** Opening RECORDED DATA block **
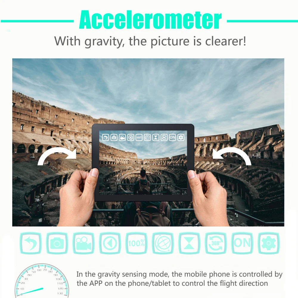 Функции: боковой полет/поворот влево/вправо, вверх/вниз, вперед/назад/3D опрокидывание/WIFI FPV/контроль гравитации/Безголовый режим/удержание высоты
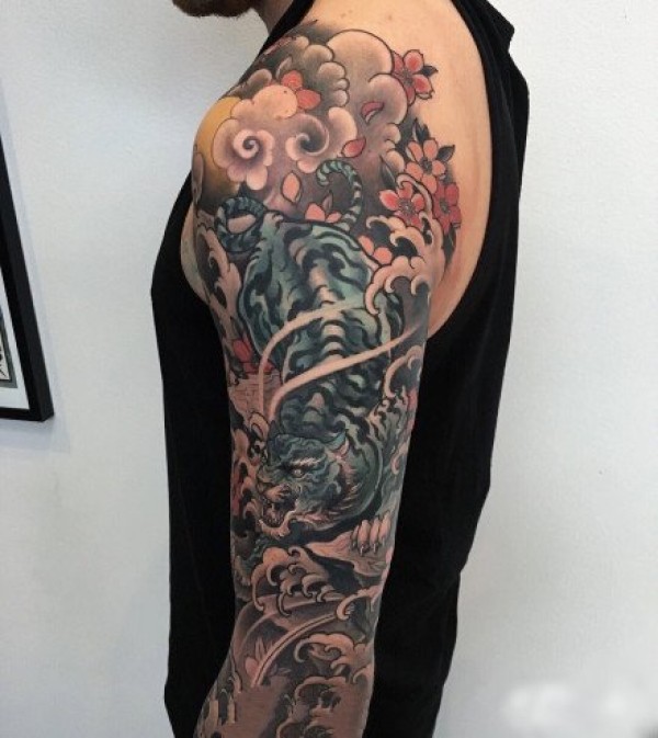 传统风格的一组男性花臂和花腿纹身图案欣赏
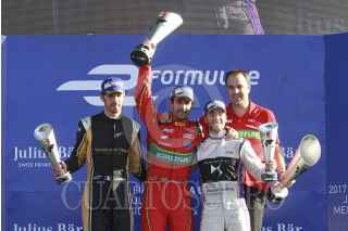 CIUDAD DE MÉXICO, 01ABRIL2017.- El piloto brasileño Luca Di Grassi se coronó en el ePrix disputado en el Autódromo Hermanos Rodríguez. El mexicano Esteban Gutiérrez quien debutó en este serial quedó en décimo lugar. La socialite Paris Hilton hizo acto de presencia en la competencia. FOTO: CUARTOSCURO.COM
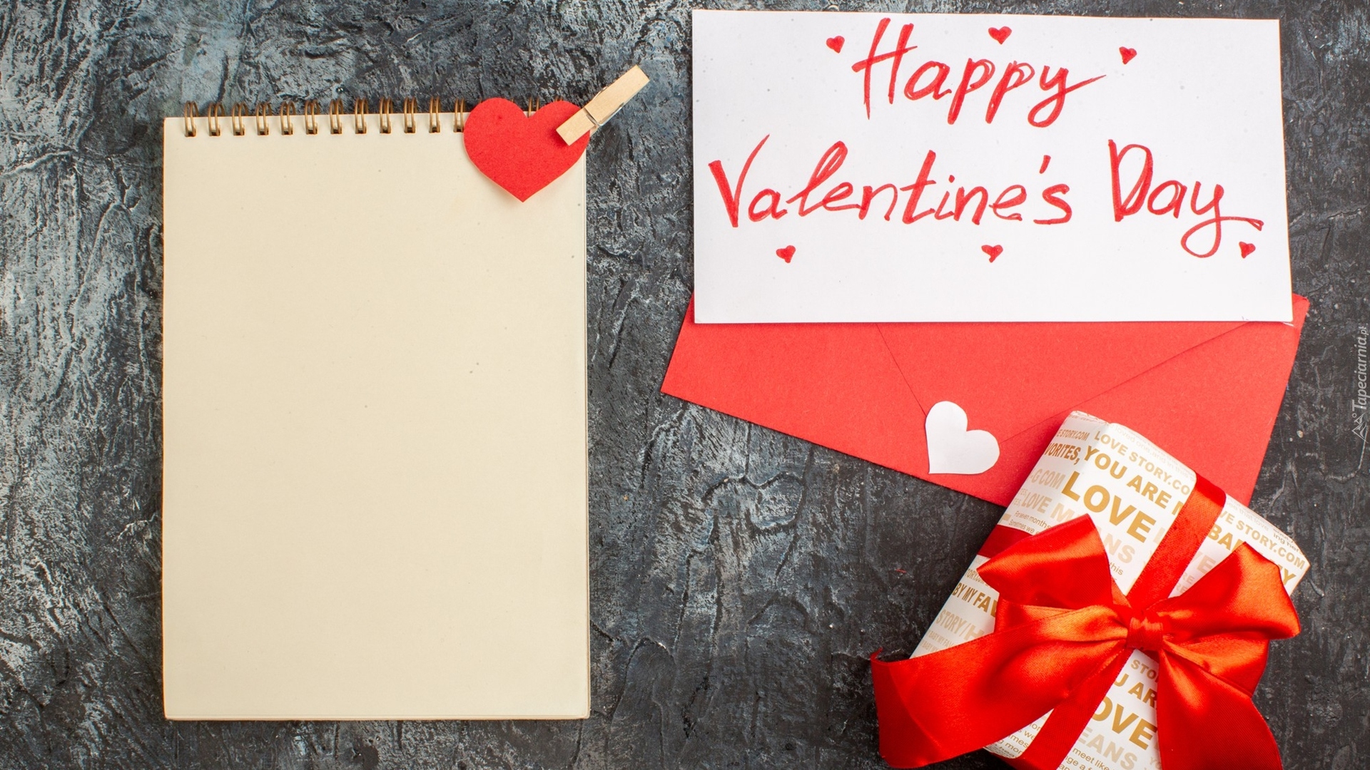Edytor tapety: Życzenia na Walentynki obok prezentu i notesu
** Closing RECORDED DATA block **
YOUR GOAL
Skip every picture and transcribe the data above exactly.

SOLUTION FOR THIS PROBLEM
 Функции: боковой полет/поворот влево/вправо, вверх/вниз, вперед/назад/3D опрокидывание/WIFI FPV/контроль гравитации/Безголовый режим/удержание высоты
 传统风格的一组男性花臂和花腿纹身图案欣赏
 CIUDAD DE MÉXICO, 01ABRIL2017.- El piloto brasileño Luca Di Grassi se coronó en el ePrix disputado en el Autódromo Hermanos Rodríguez. El mexicano Esteban Gutiérrez quien debutó en este serial quedó en décimo lugar. La socialite Paris Hilton hizo acto de presencia en la competencia. FOTO: CUARTOSCURO.COM
Edytor tapety: Życzenia na Walentynki obok prezentu i notesu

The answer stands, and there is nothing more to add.